Detecting cars on the road

This is the fifth project for Udacity Self-Driving Car Engineer Nanodegree. For this project, we need to use the sliding-window technique combined with a clssifier to detect cars on the road.

The goals / steps of this project are the following:

• Perform a Histogram of Oriented Gradients (HOG) feature extraction on a labeled training set of images and train a classifier Linear SVM classifier
• Implement a sliding-window technique and use the trained classifier to search for vehicles in images
• Run the pipeline on a video stream and create a heat map of recurring detections frame by frame to reject outliers and follow detected vehicles
• Estimate a bounding box for vehicles detected

The project includes the following files:

• main.py - pipeline for detecting cars. See the comments in the file for explanation
• utils.py - functions including creating features for classification, generating sliding windows, and drawing boxes around the detected cars
• explore_cspace.py- explore different color spaces with 3D plots
• visualize_hog.py - visualize the hog features
• project_video_output.mp4 - the output video with detected cars
• project_video_output_final.mp4 - implemented with detected lane lines from the fouth project
• README.md - the file reading now

To launch the script, run

python untils.py

to train the classifier and run

python main.py

to process the video.

For training a classifier, we need to decide what features to be fed into the model. I explored the histogram of oriented gradients (HOG) and also different color spaces (in explore_cspace.py and visualize_hog.py). HLS color space is chosen to be the main color space. We use not only the HOG features but also the spatial features and color histograms.

The spatial features are extracted in bin_spatial() (line 13-20 in utils.py). The image is resized to 32x32 and unravels to a one-dimensional vector. The color histograms are extracted in color_hist() (line 23-34 in utils.py). Each channel is binned into 32 bins. The HOG features are extracted in get_hog_features() (line 37-53 in utils.py) with orientations=6, pixels_per_cell=(8, 8) and cells_per_block=(2, 2) for only the L channel. These feature are combined (line 56-100 in utils.py) which form a feature vector with length=32x32x3+32x3+7x7x2x2x6=4344.

Due to the large size of features, we use LinearSVC() in scikit-learn to train a classifier (line 227-250 in utils.py). The dataset is split into a training set (90%) and a test set (10%). The parameters for extracting features are determined by running a grid search with cross-validation (line 252-265 in utils.py). The feature vector is normalized by StandardScaler() (line 236 in utils.py).

The following example uses HLS color space and the parameters mentioned above:

An example of cars.

An example of non-cars.

To detect cars in the image, we employ a sliding window search (line 48-66 in main.py, line 143-179 in utils.py). The ranges and scales to search are determined by eye-balling the positions and sizes of the cars in the videos. There are totally 173 windows.

The detection pipeline is the following. We resize the image picked by each sliding window to 64x64, extract features, normalize it, and feed it into the classifier (line 69-97 in main.py). To minimize the false positives, we implement the heat map technique introduced in the lecture (line 15-45 in main.py). First, we define that the pixels within the window in which a car is detected are activated. we notice that, for pixels representing a car, they are usually acvtivated several times, so pixels only activated once are regearded as false positives and are ignored (line 34-45 and line 141 in main.py). Using the label() function from scipy.ndimage.measurements, we redraw the boxs around the pixels that are activated more than one time (line 192-205 in utils.py). An example is shown below.

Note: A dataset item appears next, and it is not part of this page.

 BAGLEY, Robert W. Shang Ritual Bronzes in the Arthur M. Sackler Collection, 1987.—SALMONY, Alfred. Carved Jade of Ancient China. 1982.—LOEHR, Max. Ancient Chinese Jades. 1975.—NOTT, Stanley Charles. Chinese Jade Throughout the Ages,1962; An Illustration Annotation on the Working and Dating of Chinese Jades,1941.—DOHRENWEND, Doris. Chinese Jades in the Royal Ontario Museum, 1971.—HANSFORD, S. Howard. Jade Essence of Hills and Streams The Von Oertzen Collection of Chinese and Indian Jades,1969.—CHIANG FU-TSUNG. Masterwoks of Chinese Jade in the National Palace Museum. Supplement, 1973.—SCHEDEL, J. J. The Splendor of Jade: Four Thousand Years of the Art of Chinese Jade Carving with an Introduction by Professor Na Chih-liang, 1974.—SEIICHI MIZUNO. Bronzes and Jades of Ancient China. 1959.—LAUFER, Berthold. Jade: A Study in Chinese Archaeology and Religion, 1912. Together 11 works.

Here's a link to my result for detecting cars in the video and here's another link to my video result combining lane and car detection. The pipeline for processing the video is similar to the one for the image. However, to remove the false pistives, we store the heat maps from frame to frame in a queue, and sum up the eight consecutive heat maps in a queue to form a final heat map. Pixels that are activated less than nine times in the final heat map are ignord (line 34-45 and line 150 in main.py).

Here is an example of removing false positives. The images below are eight consecutive frames and the corresponding heat maps.

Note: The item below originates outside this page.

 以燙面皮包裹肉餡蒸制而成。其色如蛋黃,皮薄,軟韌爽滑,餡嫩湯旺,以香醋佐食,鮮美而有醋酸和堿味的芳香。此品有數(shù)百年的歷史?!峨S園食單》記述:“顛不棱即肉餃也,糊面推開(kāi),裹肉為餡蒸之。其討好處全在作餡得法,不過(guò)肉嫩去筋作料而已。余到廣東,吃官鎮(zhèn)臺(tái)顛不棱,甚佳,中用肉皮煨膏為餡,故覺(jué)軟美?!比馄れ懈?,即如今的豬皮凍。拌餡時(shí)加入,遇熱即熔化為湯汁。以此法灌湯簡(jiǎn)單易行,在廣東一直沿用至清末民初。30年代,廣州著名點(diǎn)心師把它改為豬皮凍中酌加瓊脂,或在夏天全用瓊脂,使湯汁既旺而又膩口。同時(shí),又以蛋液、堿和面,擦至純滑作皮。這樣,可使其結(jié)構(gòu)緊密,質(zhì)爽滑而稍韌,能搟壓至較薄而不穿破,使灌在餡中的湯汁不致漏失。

By combining the heat maps and ignoring pixels activated less than nine times, the label() function from scipy.ndimage.measurements detects two clusters of pixels.

The final result by drawing the boxes around the region detected.

The current pipeline works in good lighting conditions and clear weather. However, for a dark night or a snowy day, the classifier probably needs to be retrained because it relies heavily on the HOG features generated from the L channel, and those features might not be useful under those conditions.

Another potential improvement is the efficiency of extracting the HOG features. The sub-sampling mentioned in the lectures can be implemented to speed up the processing frame rate.